Repeat exactly the lines below, from the line containing "In 1915 Dulce" through the last line, both included. Leave out any pictures.

Stored data
---+---

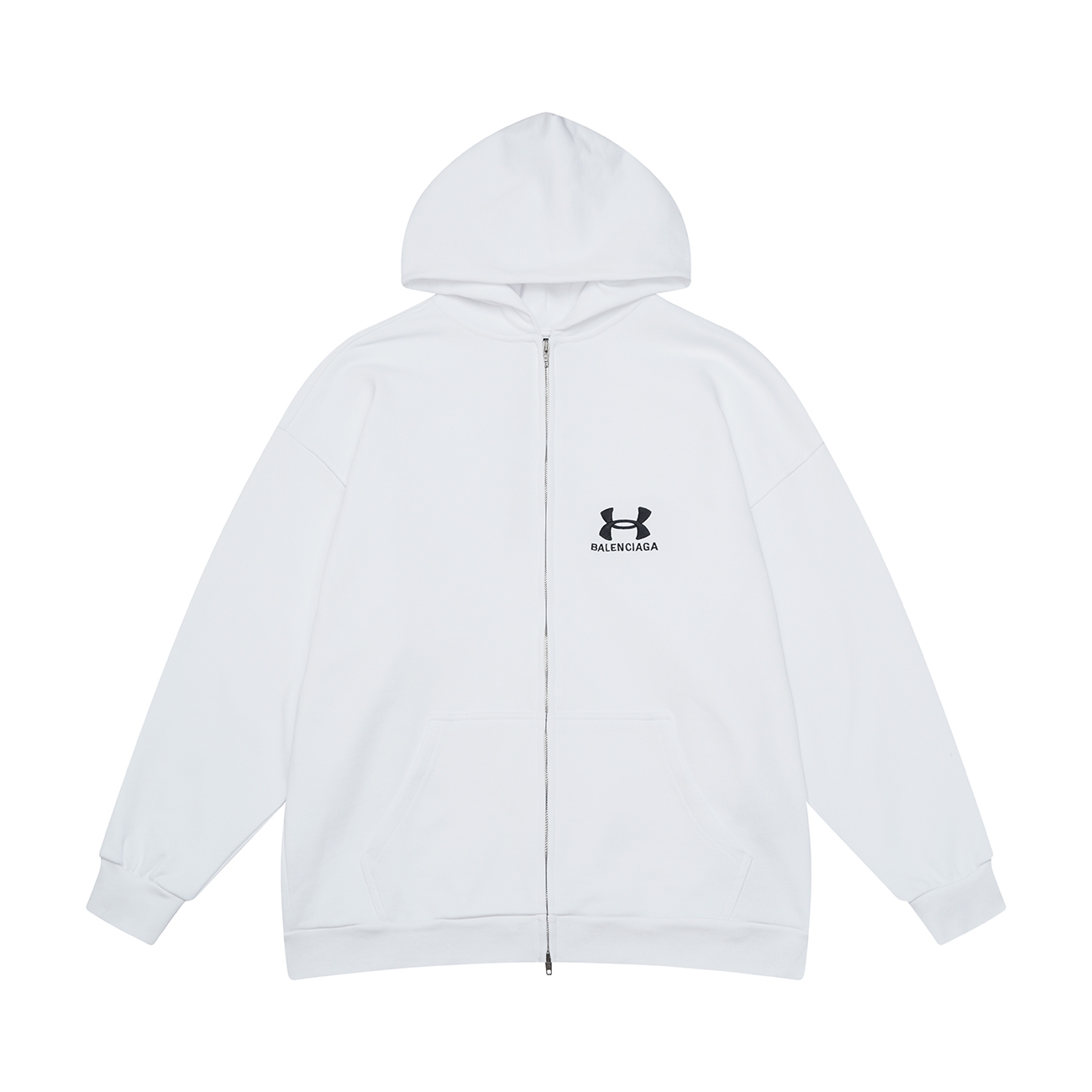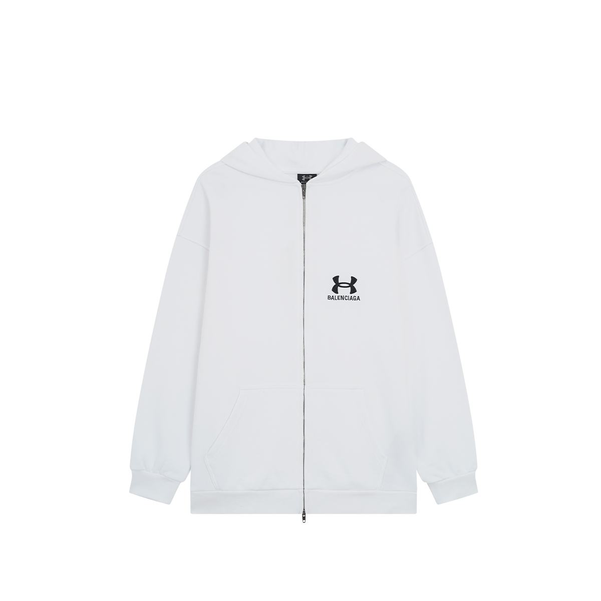 巴黎世家Balenciaga 安德玛联名刺绣拉链卫衣💰P165 采用双股全棉420g面料 刺绣为进口田岛万针刺绣工艺 厚感度十足 还原正品绣花饱满立体 内插袋使用本布 区别市场滤布面料 大货三标齐+码数贴+带Logo防尘纸 尺码:Xs-L 颜色:白色
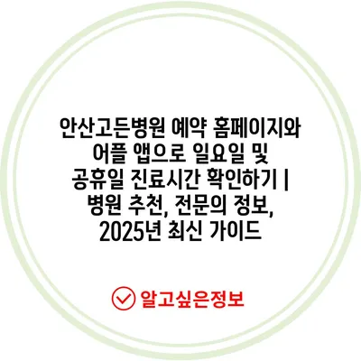 안산고든병원 예약 홈페이지와 어플 앱으로 일요일 및 공휴일 진료시간 확인하기 | 병원 추천, 전문의 정보, 2025년 최신 가이드
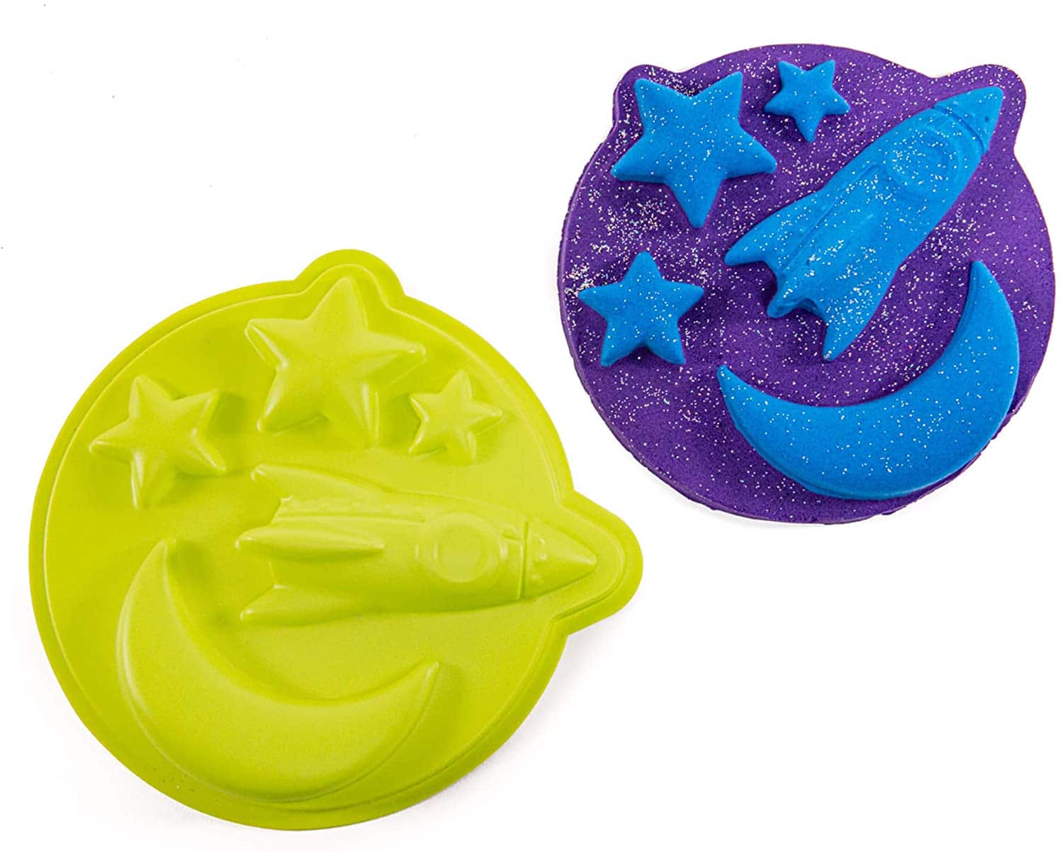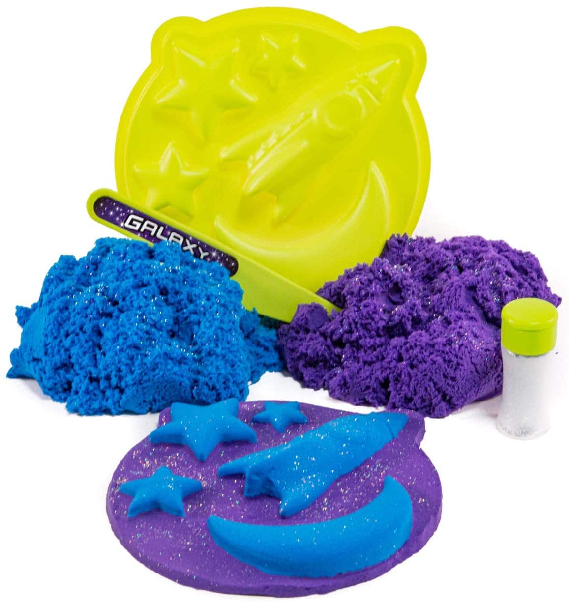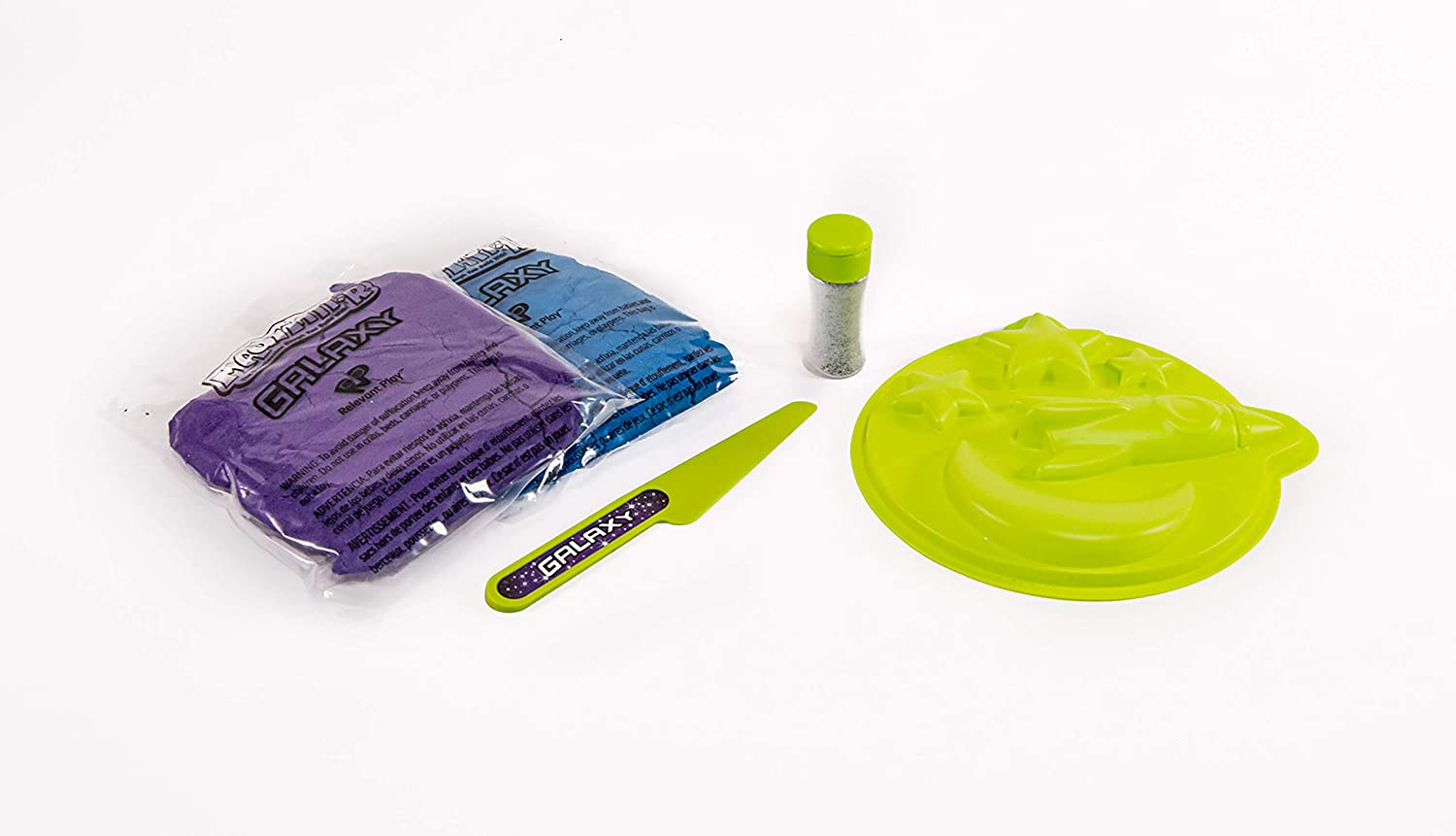 Create an out-of-this-world Mad Mattr experience with the Mad Mattr Galaxy set! Make the Mad Mattr sparkle like the stars with the included glitter. This spacey set includes Blue and Purple Mad Mattr, a Space Mold, a tool, and glitter!
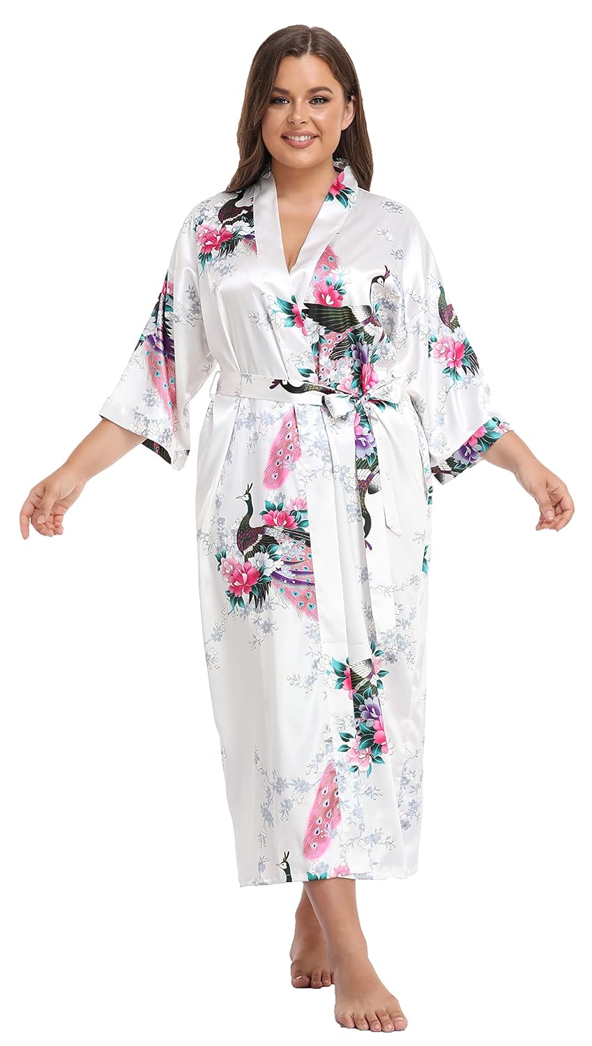 - QUIMONOS DE QUALIDADE: Nosso roupão quimono é feito de 100% cetim. Vestido quimono de estilo longo, macio, leve e confortável, até o tornozelo com fecho de faixa, passadores de cinto e laços internos.
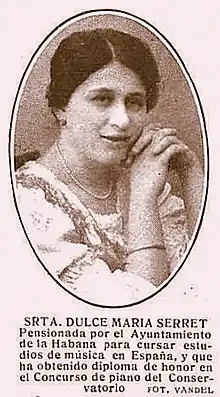 In 1915 Dulce María Serret was award a scholarship by the Havana city council to study in Spain at the Madrid Royal Conservatory. She studied under José Tragó and won the prize of honour at the Conservatory.[4] She graduated in 1917 and performed before the royal family. She performed throughout Spain and Portugal in large venues in major cities. At the age of 22 she moved to France in 1920 and attended the Schola Cantorum de Paris, where she studied romanticism and ancient and modern music.[1] In Paris she was taught by Édouard Risler.[2]
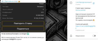 Отсутствие прозрачности. Нет доказательств реальных ставок автора, нет ссылки на открытые трекинги или публичные истории. Перенаправление на сторонние чаты. Пользователей просят перейти «по кнопке ниже», что часто ведёт к продаже «випов» или участию в партнёрских схемах.

---+---

Your response:
 In 1915 Dulce María Serret was award a scholarship by the Havana city council to study in Spain at the Madrid Royal Conservatory. She studied under José Tragó and won the prize of honour at the Conservatory.[4] She graduated in 1917 and performed before the royal family. She performed throughout Spain and Portugal in large venues in major cities. At the age of 22 she moved to France in 1920 and attended the Schola Cantorum de Paris, where she studied romanticism and ancient and modern music.[1] In Paris she was taught by Édouard Risler.[2]
 Отсутствие прозрачности. Нет доказательств реальных ставок автора, нет ссылки на открытые трекинги или публичные истории. Перенаправление на сторонние чаты. Пользователей просят перейти «по кнопке ниже», что часто ведёт к продаже «випов» или участию в партнёрских схемах.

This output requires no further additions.